*** Data for processing Section Begins ***
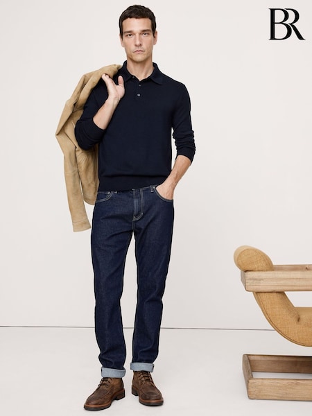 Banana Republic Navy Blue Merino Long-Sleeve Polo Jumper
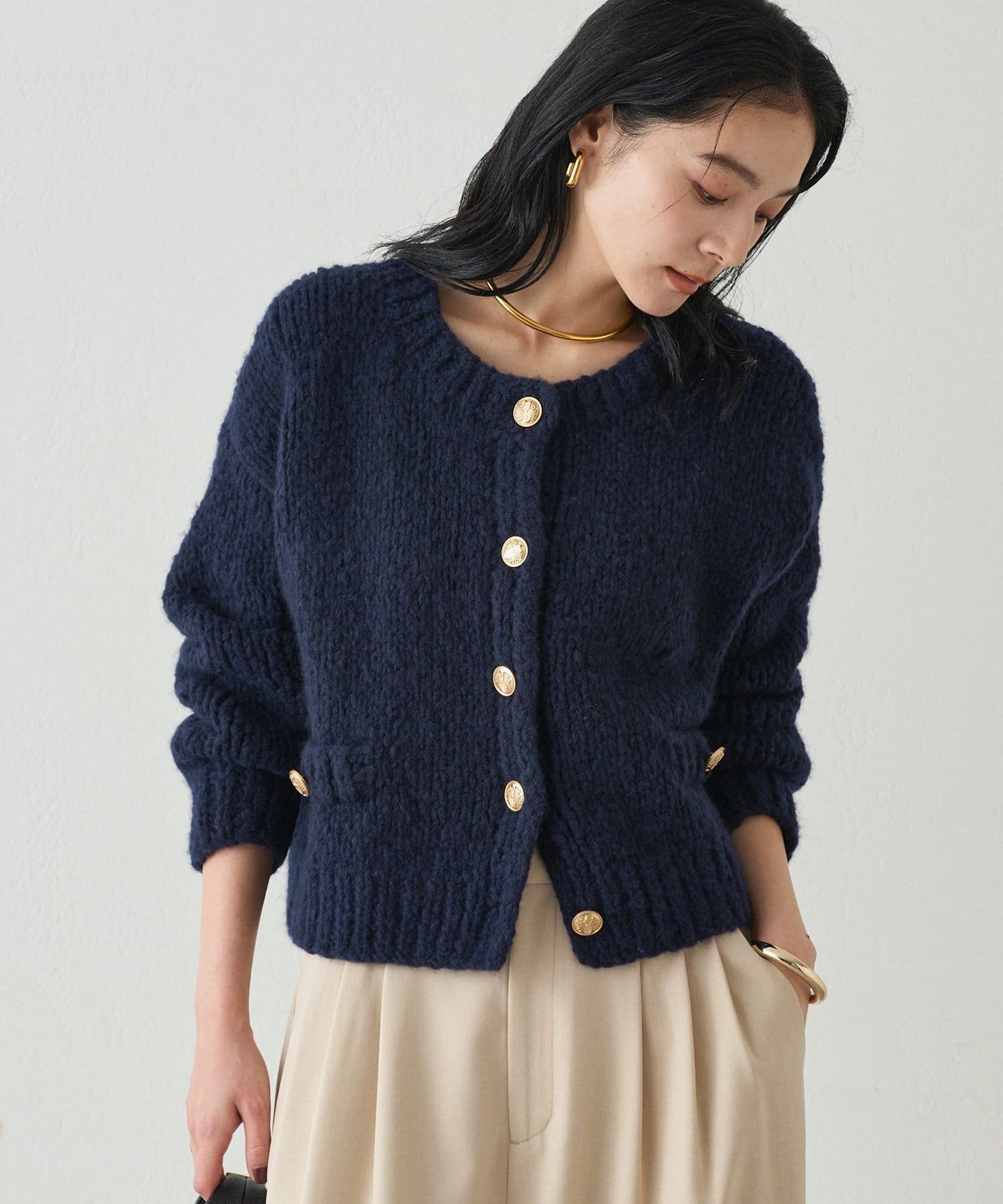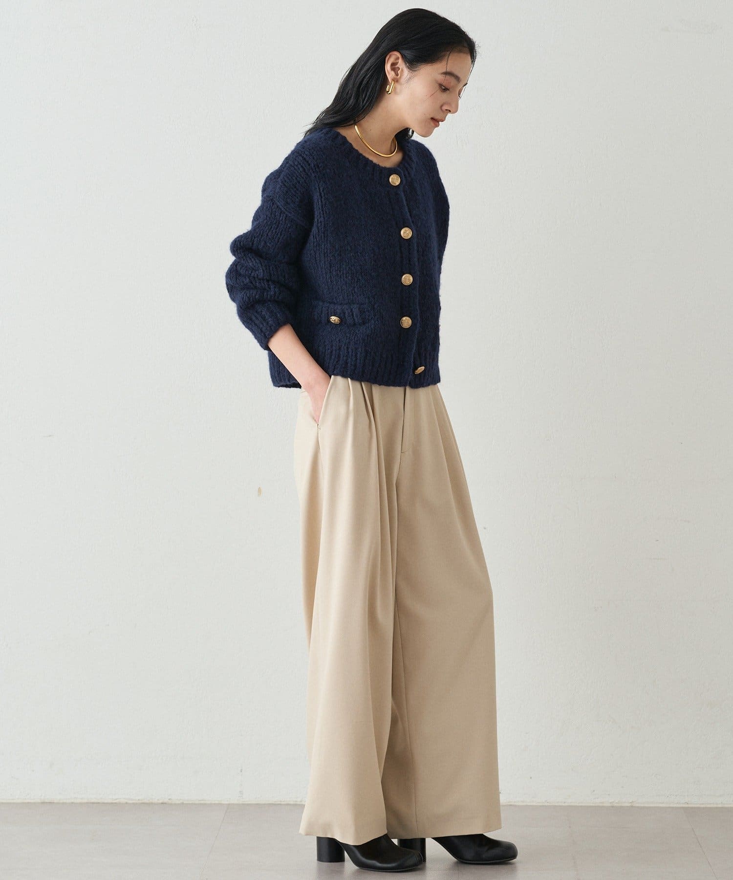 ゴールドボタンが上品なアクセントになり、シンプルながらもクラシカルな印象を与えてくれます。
*** Data for processing Section Ends ***
*** Data for processing Section Begins ***
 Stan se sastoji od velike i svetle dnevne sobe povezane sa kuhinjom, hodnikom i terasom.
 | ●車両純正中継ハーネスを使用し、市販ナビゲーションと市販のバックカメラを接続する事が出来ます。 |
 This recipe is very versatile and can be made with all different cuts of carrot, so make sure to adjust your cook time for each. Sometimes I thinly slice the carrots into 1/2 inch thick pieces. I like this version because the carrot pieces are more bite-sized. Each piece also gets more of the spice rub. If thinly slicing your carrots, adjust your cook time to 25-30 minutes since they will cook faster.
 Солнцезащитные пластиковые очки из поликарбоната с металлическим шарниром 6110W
*** Data for processing Section Ends ***
*** Data for processing Section Begins ***
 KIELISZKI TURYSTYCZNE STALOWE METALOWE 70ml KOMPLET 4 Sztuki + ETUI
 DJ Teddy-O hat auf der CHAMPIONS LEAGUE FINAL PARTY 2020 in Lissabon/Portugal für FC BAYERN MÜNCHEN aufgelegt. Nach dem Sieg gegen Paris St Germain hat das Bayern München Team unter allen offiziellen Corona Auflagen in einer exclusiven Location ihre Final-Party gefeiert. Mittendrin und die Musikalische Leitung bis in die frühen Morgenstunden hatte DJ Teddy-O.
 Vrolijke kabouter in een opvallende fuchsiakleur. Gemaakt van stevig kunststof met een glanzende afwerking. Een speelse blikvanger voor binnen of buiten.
*** Data for processing Section Ends ***
Please return only the lines above, starting at the line that has "This recipe is" and ending at the line that has "Солнцезащитные пластиковые очки", keeping both and leaving each one unchanged.

 This recipe is very versatile and can be made with all different cuts of carrot, so make sure to adjust your cook time for each. Sometimes I thinly slice the carrots into 1/2 inch thick pieces. I like this version because the carrot pieces are more bite-sized. Each piece also gets more of the spice rub. If thinly slicing your carrots, adjust your cook time to 25-30 minutes since they will cook faster.
 Солнцезащитные пластиковые очки из поликарбоната с металлическим шарниром 6110W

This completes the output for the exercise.